Poland, no. 41431/98, § 46, 25 November
2003).
- The
Court has frequently found violations of Article 6 § 1 of the
Convention in cases raising issues similar to the one in the present
case (see Frydlender, cited above).
- Having
examined all the material submitted to it, the Court considers that
the Government have not put forward any fact or argument capable of
persuading it to reach a different conclusion in the present case.
Having regard to its case-law on the subject, the Court considers
that in the instant case the length of the proceedings was excessive
and failed to meet the “reasonable time” requirement.
There
has accordingly been a breach of Article 6 § 1.
2. Article 13 of the Convention
18. The
Court has also frequently found violations of Article 13 of the
Convention, stating that the current Ukrainian legislation does not
provide a remedy for complaints concerning the length of proceedings
(see Efimenko v. Ukraine, no. 55870/00, 18 July 2006).

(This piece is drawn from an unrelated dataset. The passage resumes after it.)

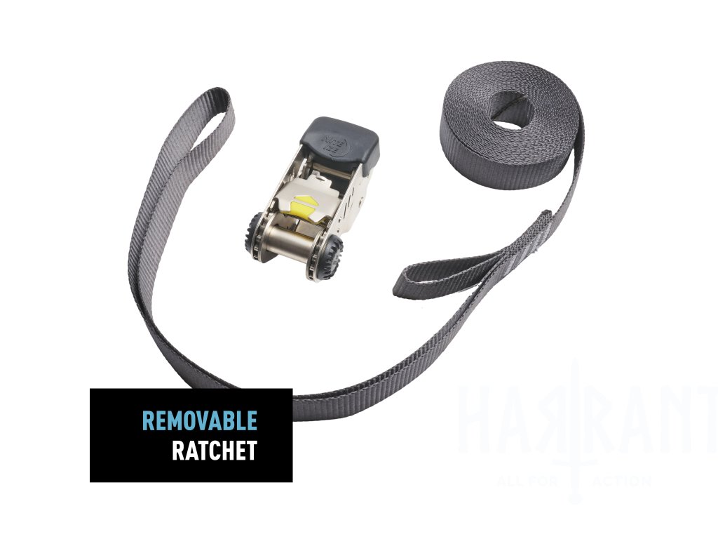 Po příjezdu do cíle využijete patentovanou pákovou západku, která umožňuje snadné uvolnění i vysokého napětí – bez zápasu a frustrace běžné u jiných ráčen.

In the present case the Court finds no reason to depart from that
case-law.
19. There
has accordingly been a breach of Article 13 too.

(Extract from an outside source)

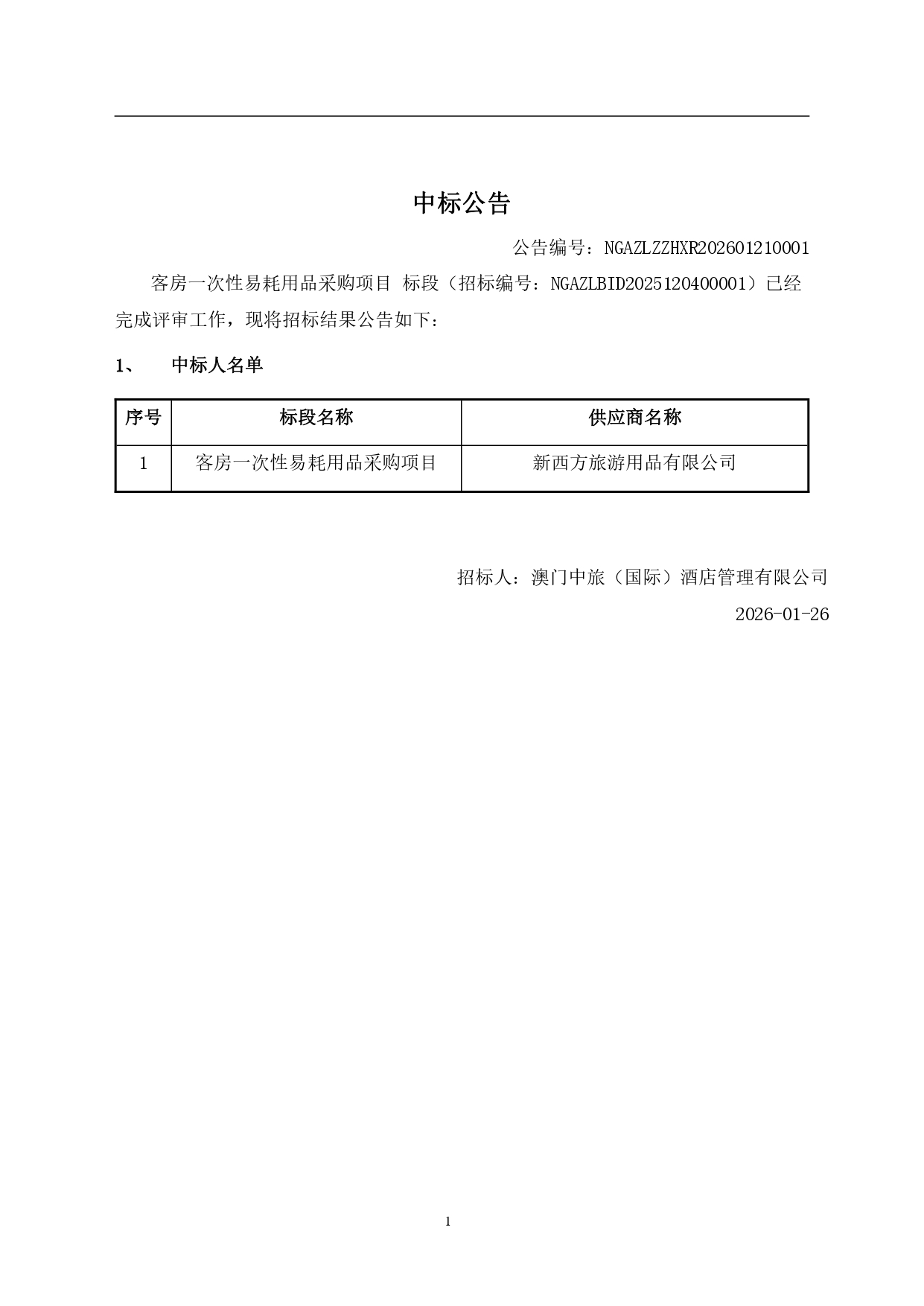 澳门中旅(国际)酒店管理有限公司客房一次性易耗用品采购项目招标结果公告.pdf

II. REMAINDER OF THE APPLICATION
- Relying
on Article 6 of the Convention, the applicant further complained
about the unfairness of the proceedings, not specifying his arguments
to that regard.
- In
the light of the materials in its possession, the Court finds that
the applicant’s complaint does not disclose any appearance of a
violation of the rights and freedoms set out in the Convention or its
Protocols.
- It
follows that this part of the application must be declared
inadmissible as manifestly ill-founded, pursuant to Article 35 §§
3 (a) and 4 of the Convention.
III. APPLICATION OF ARTICLE 41 OF THE
CONVENTION
- Article
41 of the Convention provides:
“If the Court finds that there has been a
violation of the Convention or the Protocols thereto, and if the
internal law of the High Contracting Party concerned allows only
partial reparation to be made, the Court shall, if necessary, afford
just satisfaction to the injured party.”
A. Damage
- The
applicant claimed EUR 70,000-100,000 in respect of non-pecuniary
damage.
- The
Government contested the claim.
- The
Court considers that the applicant must have sustained some
non-pecuniary damage. His claim is however excessive. Ruling on an
equitable basis, the Court awards the applicant EUR 1,800 under
that head.
B. Costs and expenses
- The
applicant did not claim any costs and expenses; the Court therefore
makes no award.
C. Default interest
- The
Court considers it appropriate that the default interest rate should
be based on the marginal lending rate of the European Central Bank,
to which should be added three percentage points.
FOR THESE REASONS, THE COURT UNANIMOUSLY
1. Declares
the complaints under Articles 6 § 1 and 13 of the Convention
concerning the length of proceedings and the lack of effective
remedies in that respect admissible and the remainder of the
application inadmissible;
- Holds
that there has been a violation of Article 6 § 1 of the
Convention;
- Holds
that there has been a violation of Article 13 of the Convention;
- Holds
(a) that
the respondent State is to pay the applicant, within three months,
EUR 1,800 (one thousand eight hundred euros), to be converted into
the national currency of the respondent State at the rate applicable
at the date of settlement, plus any tax that may be chargeable, in
respect of non-pecuniary damage;
(b) that
from the expiry of the above-mentioned three months until settlement
simple interest shall be payable on the above amount at a rate equal
to the marginal lending rate of the European Central Bank during the
default period plus three percentage points;
- Dismisses the remainder of the applicant’s
claim for just satisfaction.
Done in English, and notified in writing on 19 April 2012, pursuant
to Rule 77 §§ 2 and 3 of the Rules of Court.